I was a little surprised to be asked to be highlighted as a "hero." I guess fighting through MS and overcoming its crippling effects, pain, and occasional depression to rise to a Vice President level at American Airlines qualifies in some people's minds. I am also very proud of holding together a wonderful family throughout my battle.
I'd like to stay on the hero subject a little longer because I know many of us with MS have our own personal heroes that deserve to be recognized. My most significant heroes are my family and my friends. They've stuck with me and supported me from the beginning. I must start by pointing to my wife Dianne who has hung with me and stood beside me all while being beautiful in so many ways - she attracts a horde of friends and admirers and could easily have chosen a different path. My kids (Will Jr., David and Courtney) are no less heroes as they are all on their way to their own terrific futures despite losing me from so many of the physically active roles that can come in handy as a father.
I must also mention the leaders of my company as real heroes. They stuck with me despite the many myths of how MS affects all of those afflicted. They've seen through my physical limitations to spot my talents, they've never stopped leaning on me for even more performance and more output, and they have continued to recognize and reward my performances throughout.

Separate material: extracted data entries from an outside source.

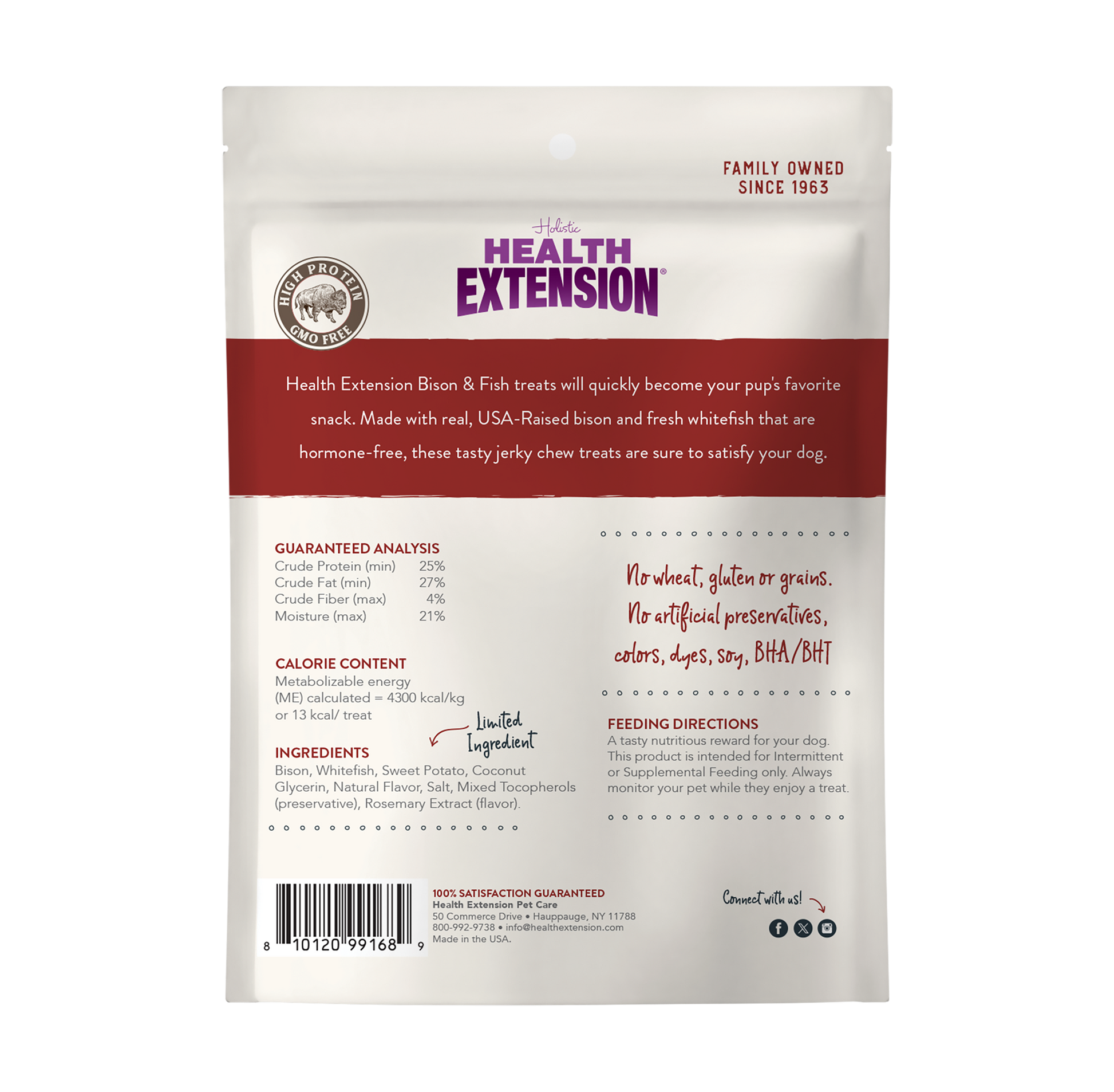 Give your furry friend a high-protein, wholesome treat with Health Extension Bison & Fish Dehydrated Jerky. Made with 85% bison and whitefish, these natural treats are packed with flavor and essential nutrients to support your dog’s overall health. Crafted with limited ingredients, they are perfect for pups with food sensitivities or those on a grain-free diet.
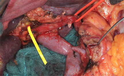 Figure 1. Intraoperative situs after pancreatoduodenectomy with portal vein resection and end-to-end reconstruction.
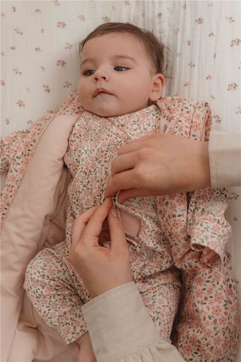 Este pijama de una pieza combina comodidad y sostenibilidad, diseñado para mantener a tu bebé abrigado y cómodo. Con un encantador estampado y confeccionado en tejido de algodón orgánico, es perfecto para acompañar a los más pequeños en sus momentos de descanso.
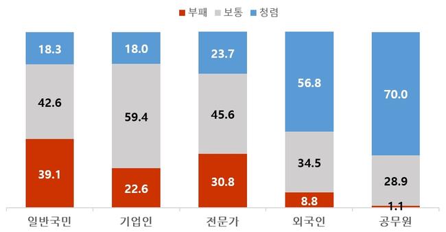 공직사회에 대해서도 ‘부패하다’는 응답은 일반국민 39.1%, 전문가 30.8%, 기업인 22.6%, 외국인 8.8%, 공무원 1.1% 순으로 나타났다. 기업인(31.9%→22.6%), 전문가(36.1%→30.8%), 외국인(14.2%→8.8%), 공무원(3.1%→1.1%) 등은 개선됐지만, 일반국민은 35.5%에서 39.1%로 3.6%p 높아져 체감도 제고가 과제로 제시됐다.
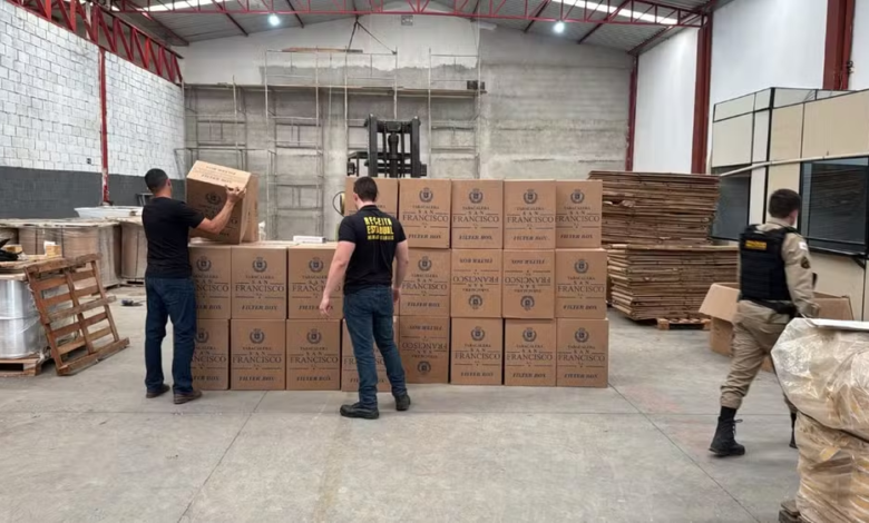 Na manhã desta quinta-feira (3), uma operação conjunta das forças de segurança resultou na apreensão de aproximadamente 1,7 milhão de maços de cigarros em um galpão localizado na cidade de Nova Serrana. A suspeita é de que os produtos seriam comercializados de forma irregular.
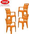 ANKUR Comfy Plastic Cafeteria Chair (Red, Set of 4, Pre-assembled)

I am hoping that this note can be a little contribution to help a much broader group of folks who are battling this disease. I believe I can offer hope and I also believe I can provide some real information about how to improve your life with MS. I am really amazed by the lack of knowledge that exists in both patients and doctors about the help that is available. I'm sure this is largely due to the randomness of the disease and the need to treat each patient differently. So this letter is perhaps just one significant effort I can make to improve the plight of those with MS.
I'll start with my own story so that you may better appreciate how I've developed my understanding and opinion of MS. I realize there are millions of opinions about MS, many from people who are convinced they have found the cure. Having tried many of these ideas, I don't hope to find such a cure by poring through every claim on the Internet. However, I do value learning about the successes people have with overcoming the challenges of the disease. Hopefully, you'll gain that same value from my story.

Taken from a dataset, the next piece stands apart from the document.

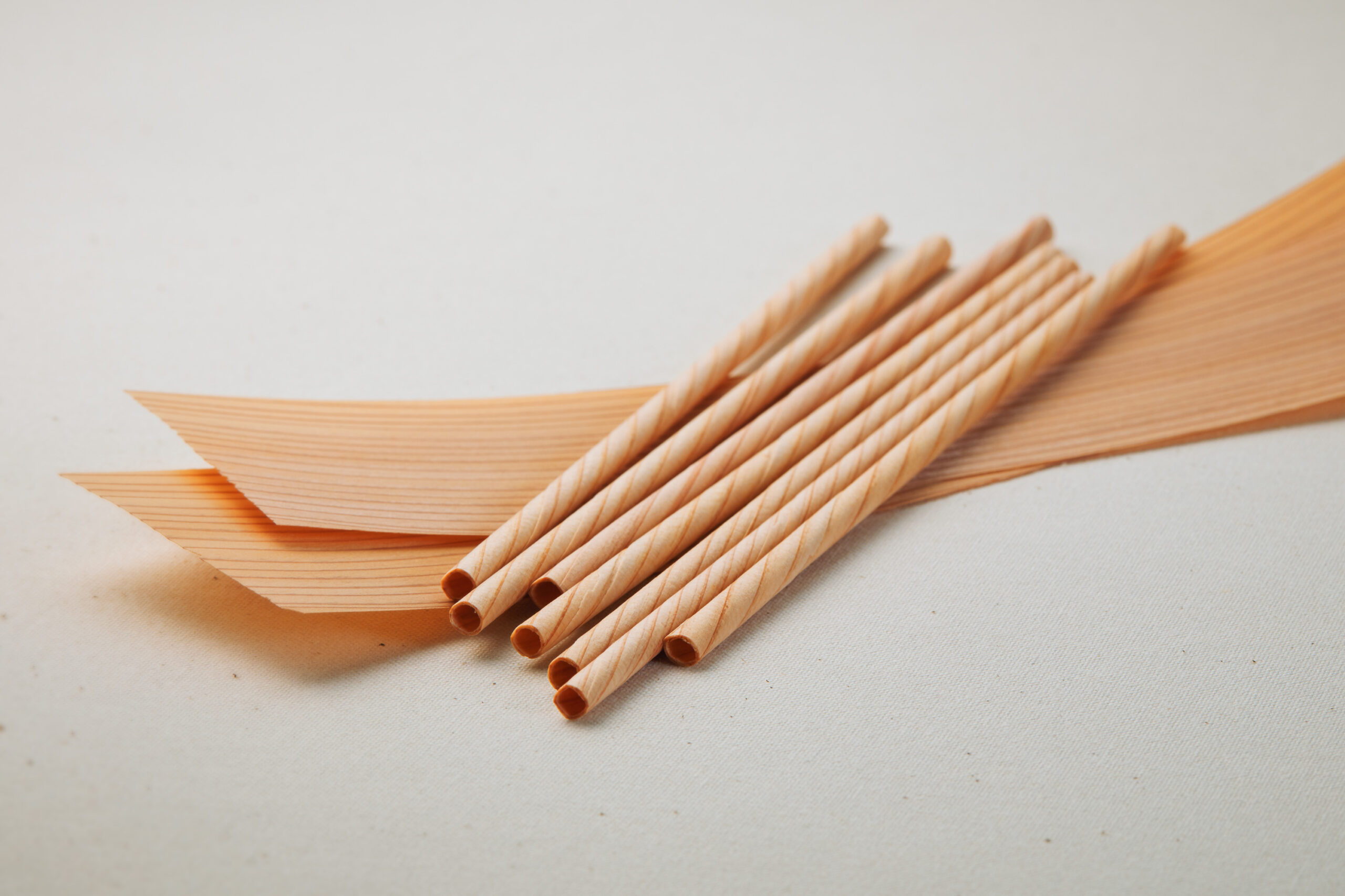 Les pailles en bois sont des pailles écologiques fabriquées à partir de bois coupé et enroulé en fines feuilles de 0,15 mm d’épaisseur. Ce procédé de découpe utilisé pour aplanir et lisser la surface du bois s’inspire de la technique traditionnelle japonaise kanna kezuri , utilisée dans le monde de la construction depuis l’an 574.

I experienced my first symptoms of MS a little more than 10 years ago, and it took about 3 months to confirm I had MS. Prior to these episodes, I was one of the healthiest people I knew, and it was then that I had my first help from above. An insurance salesman convinced me to buy more disability insurance despite my belief that it would all be wasted money. Hopefully, it WILL all be wasted money and I will never have to leave the company and the job I love until I am ready for a normal retirement.
My initial symptoms were rather minor in that they didn't limit my abilities, but they just created irritating burning sensations. Those symptoms passed and I entered my denial period. During that period, my wife and I decided to have a third child. Since it took us a while to be successful having our daughter, I did in fact suffer another episode of the disease before her conception. The new episodes unfortunately were the beginning of a more serious disability affecting my legs. I went through spells where my legs suddenly wouldn't work well and I was worried about falling (and did break a shoulder on such a fall). Throughout my wife's pregnancy, I worried about being able to support yet another child. Now that my daughter is almost 9, and is such a gift to me, I know that I had even more help from above when deciding to continue trying for a third child.

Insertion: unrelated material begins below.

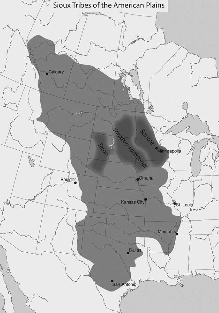 Сиу были кочевыми охотниками, чьи социальные, экономические, политические и культурные структуры находились в процессе изменений в XVIII веке, по мере того как различные группы переселялись на запад - от озер и лесных массивов Миннесоты и Висконсина к северным равнинам. Их язык относится к сиуанской языковой семье, включающей четырнадцать «взаимно непонятных языков». Для данного исследования важно рассматривать лишь часть этого более широкого семейства, различаемую по трем диалектам, но объединяемую в две группы - дакота и лакота. Санти и янктон/янктонай называли себя дакота, а тетоны использовали вариант лакота. Название «сиу», французское и английское обозначение лакота и дакота, не является самоназванием, а представляет собой транслитерацию слова из языка оджибве (чиппева) - natowessiwak, которое французы сократили до Sioux. Ученые до сих пор спорят о его значении. Чаще всего его переводят как «змея» или «враг». Однако гораздо важнее было то, как они называли себя сами - дакота или лакота, что, по словам американского миссионера XIX века Стивена Р. Риггса, означало «объединенные» или «союзные», но, возможно, подразумевало человека, состоящего в союзе или говорящего на одном языке, то есть друга.
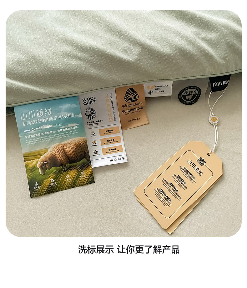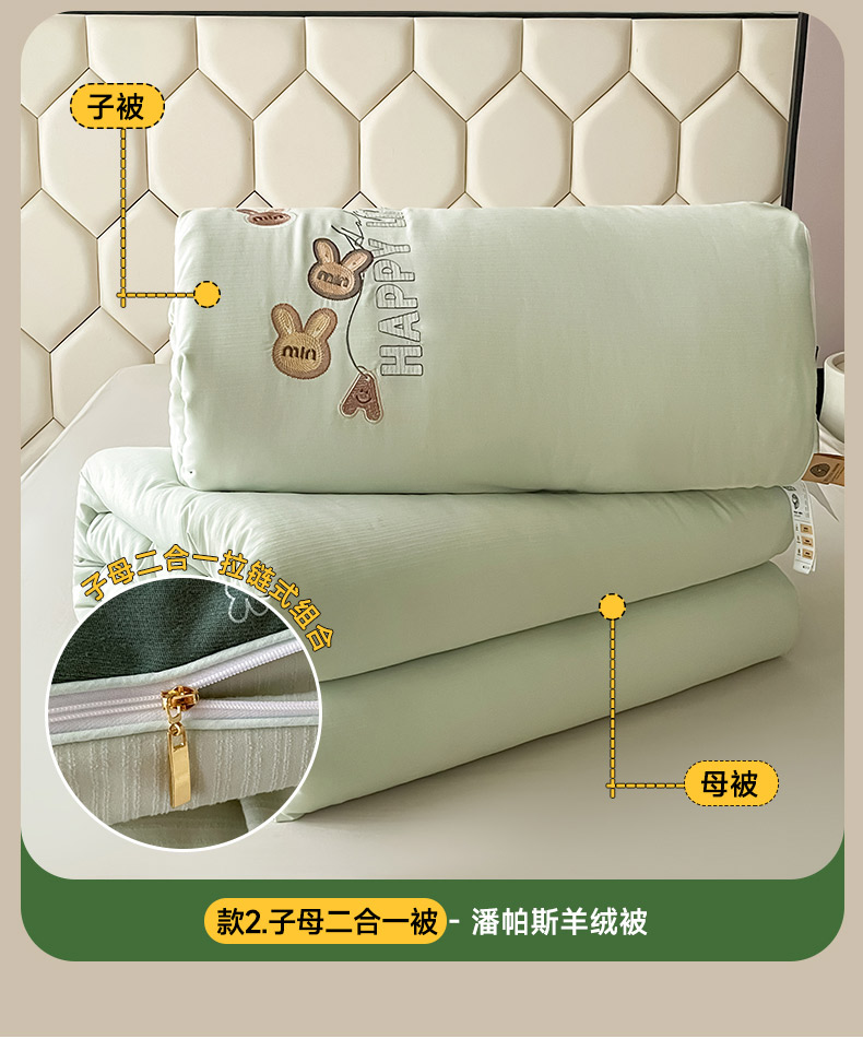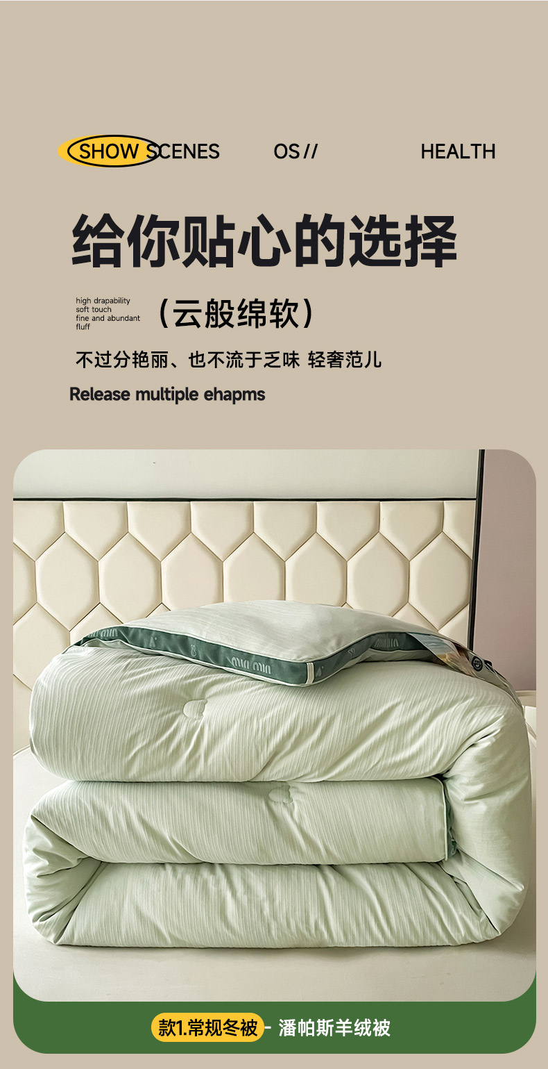 • 91家纺网 家纺一手货源 找家纺 被靠被 2024新款minmin潘帕斯羊绒被被子被芯 豆绿

Since my first few years of suffering only a minimal impact from the relapsing/remitting form of the disease, my physical condition has significantly worsened. Although multiple MRI's appeared to show little in the way of new lesions, I was clearly worsening. I lost my first "life" sport when I decided I shouldn't snow ski anymore - that was about 8 years ago. Then about 5 years ago, I gave up golf. Losing golf was very difficult for me, but I've been amazed at how many other things you can do with the newly available time. I now have much more time to spend with my family, to read books and to give the company even more as has been required from all officers and frankly all employees at American in recent years.
Important transitions occurred for me when I was passing through the "walk-with-a-cane" stage and entering the "electric scooter" stage. With each stage of my progression, I did experience depression, but each new level showed me I had no problem excelling at the things that were most important to me – and that would bring on a new hope and actually lessen some of the fear I had been living with.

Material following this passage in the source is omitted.